Rosie O'Donnell marries girlfriend in San Francisco
Former US talk show host Rosie O’Donnell has married her long-time girlfriend in San Francisco, taking “a proud stand” for gay rights in the city where more than 3,300 other same-sex couples have tied the knot since February 12.
“I want to thank the city of San Francisco for this amazing stance the mayor has taken for all the people here, not just us but all the thousands and thousands of loving, law-abiding couples,” O’Donnell said yesterday after she and Kelli Carpenter emerged from their brief ceremony inside mayor Gavin Newsom’s office.
Earlier, O’Donnell announced her wedding plans on ABC television, just two days after President George Bush called for a constitutional amendment banning gay marriage.

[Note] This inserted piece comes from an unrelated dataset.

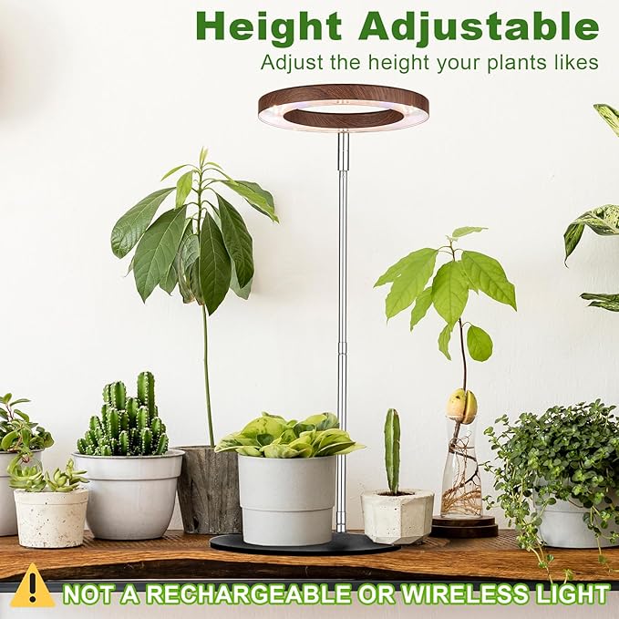 yadoker 72 LEDs Plant Grow Light for Indoor Plant,Aluminum Walnut Wood Grain Desk LED Grow Light, Height Adjustable,6.3" Aluminum Housing,Automatic Timer with 8/12/16 Hours,10-Level Brightnes
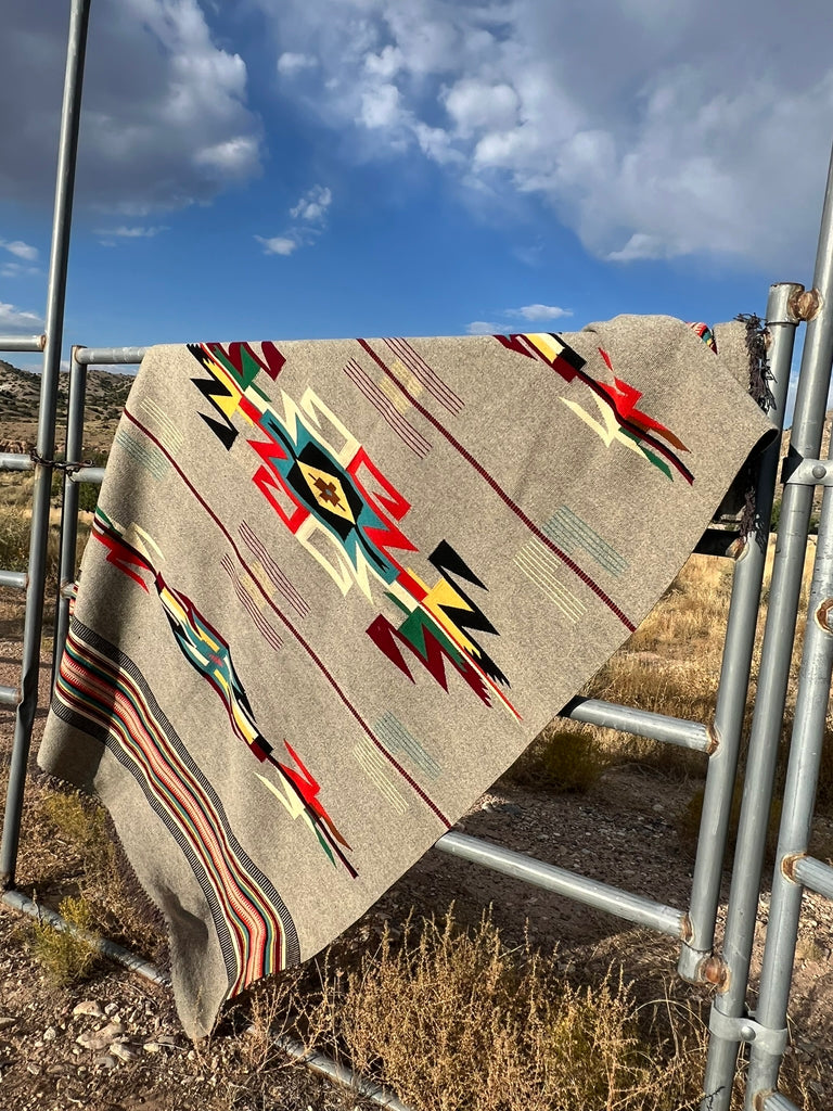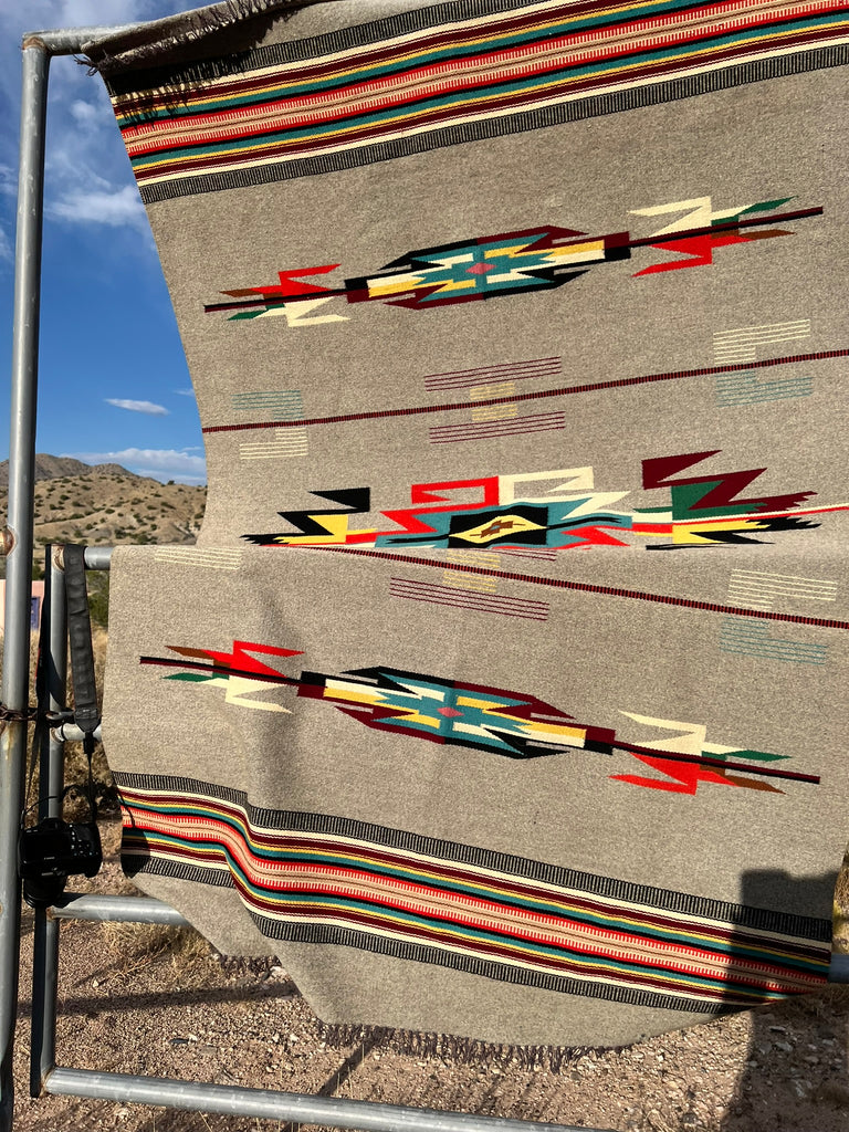 Rare Mid-Century Handwoven Wool Chimayo Blanket

As the San Francisco’s Gay Men’s Chorus serenaded the couple with a few bars of Chapel of Love, O’Donnell smiled and said: “We really did. We got married.”
She said the president’s call inspired her to come to San Francisco, where city officials continue to perform same-sex weddings even as state courts are considering the legality of those marriages.
“I think the actions of the president are, in my opinion, the most vile and hateful words ever spoken by a sitting president,” O’Donnell, who lives in the New York City area, said on the programme.
“I am stunned and I’m horrified.
“I find this proposed amendment very, very, very, very shocking. And immoral. And, you know, if civil disobedience is the way to go about change, then I think a lot of people will be going to San Francisco.
"And I hope they put more people on the steps to marry as many people as show up. And I hope everyone shows up.”
O’Donnell and Carpenter, who have four children together, walked hand in hand down the grand marble staircase in the rotunda to thunderous applause from hundreds of spectators who came to witness the city’s first celebrity same-sex wedding.
O’Donnell said she decided to marry Carpenter, a former dancer and marketing director at Nickelodeon, during her recent trial in New York over the now-defunct Rosie magazine.
During the case, she referred to Carpenter as her wife.
“We applied for spousal privilege and were denied it by the state. As a result, everything that I said to Kelli, every letter that I wrote her, every e-mail, every correspondence and conversation was entered into the record,” O’Donnell said.
“After the trial, I am now and will forever be a total proponent of gay marriage.”